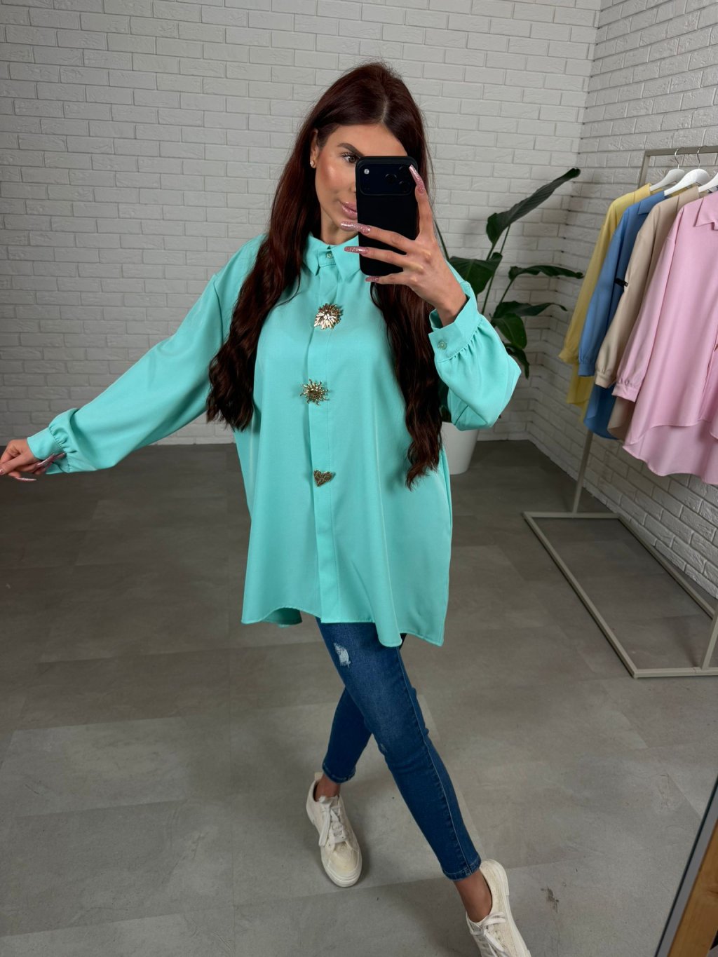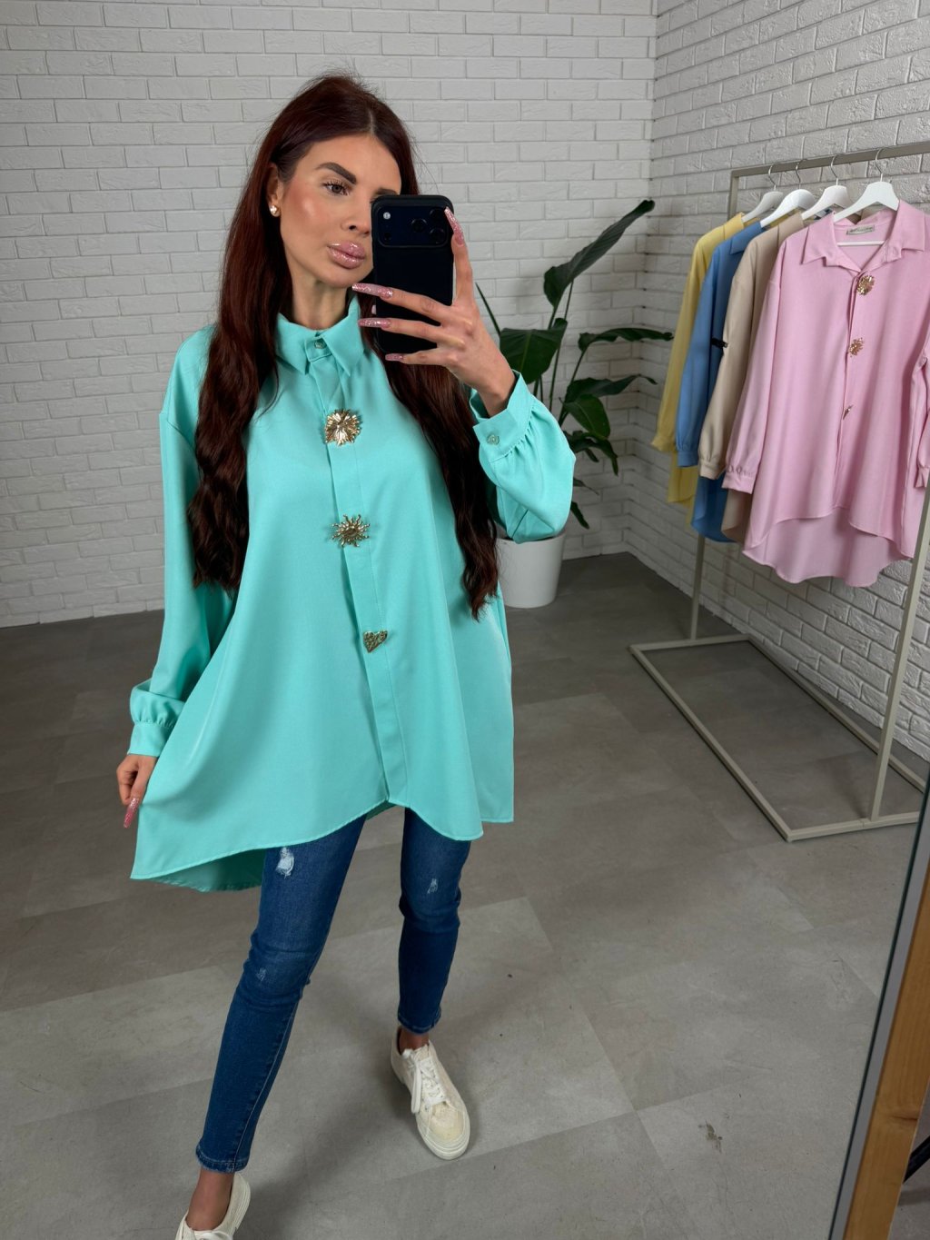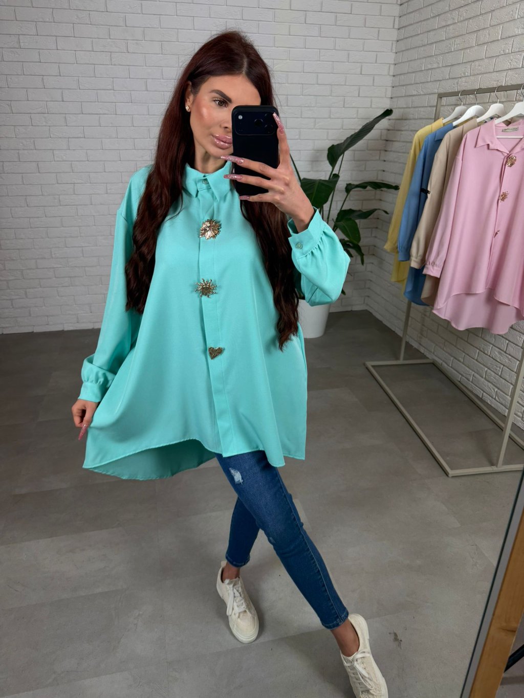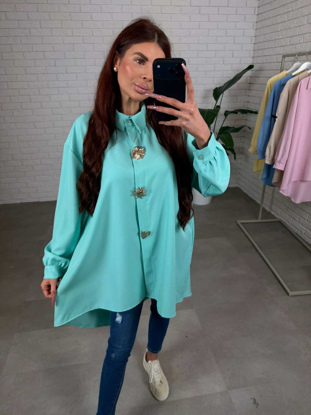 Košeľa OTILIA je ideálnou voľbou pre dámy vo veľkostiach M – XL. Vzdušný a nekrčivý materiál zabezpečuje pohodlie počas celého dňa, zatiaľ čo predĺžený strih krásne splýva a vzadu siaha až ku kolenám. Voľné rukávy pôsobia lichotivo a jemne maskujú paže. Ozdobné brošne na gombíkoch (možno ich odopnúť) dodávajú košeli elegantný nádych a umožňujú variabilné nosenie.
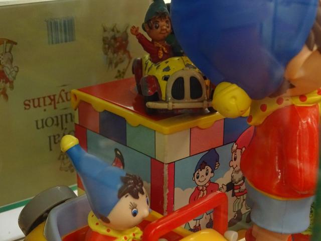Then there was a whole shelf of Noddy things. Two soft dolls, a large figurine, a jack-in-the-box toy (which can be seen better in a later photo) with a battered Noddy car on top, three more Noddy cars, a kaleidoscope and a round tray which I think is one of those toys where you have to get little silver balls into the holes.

---

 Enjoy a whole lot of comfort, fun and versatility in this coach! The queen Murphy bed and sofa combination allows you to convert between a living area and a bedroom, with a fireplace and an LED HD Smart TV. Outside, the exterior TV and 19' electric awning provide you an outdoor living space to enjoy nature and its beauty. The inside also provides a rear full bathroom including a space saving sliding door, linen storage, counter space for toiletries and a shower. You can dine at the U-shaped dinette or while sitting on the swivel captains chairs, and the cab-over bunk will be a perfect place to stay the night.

---

→ **What you have to do**: Because only one stretch of the records is wanted, please output the lines from the one holding "Košeľa OTILIA je" through the one holding "Then there was" exactly, both included, and leave every picture out.

→ **Expected answer**:
 Košeľa OTILIA je ideálnou voľbou pre dámy vo veľkostiach M – XL. Vzdušný a nekrčivý materiál zabezpečuje pohodlie počas celého dňa, zatiaľ čo predĺžený strih krásne splýva a vzadu siaha až ku kolenám. Voľné rukávy pôsobia lichotivo a jemne maskujú paže. Ozdobné brošne na gombíkoch (možno ich odopnúť) dodávajú košeli elegantný nádych a umožňujú variabilné nosenie.
Then there was a whole shelf of Noddy things. Two soft dolls, a large figurine, a jack-in-the-box toy (which can be seen better in a later photo) with a battered Noddy car on top, three more Noddy cars, a kaleidoscope and a round tray which I think is one of those toys where you have to get little silver balls into the holes.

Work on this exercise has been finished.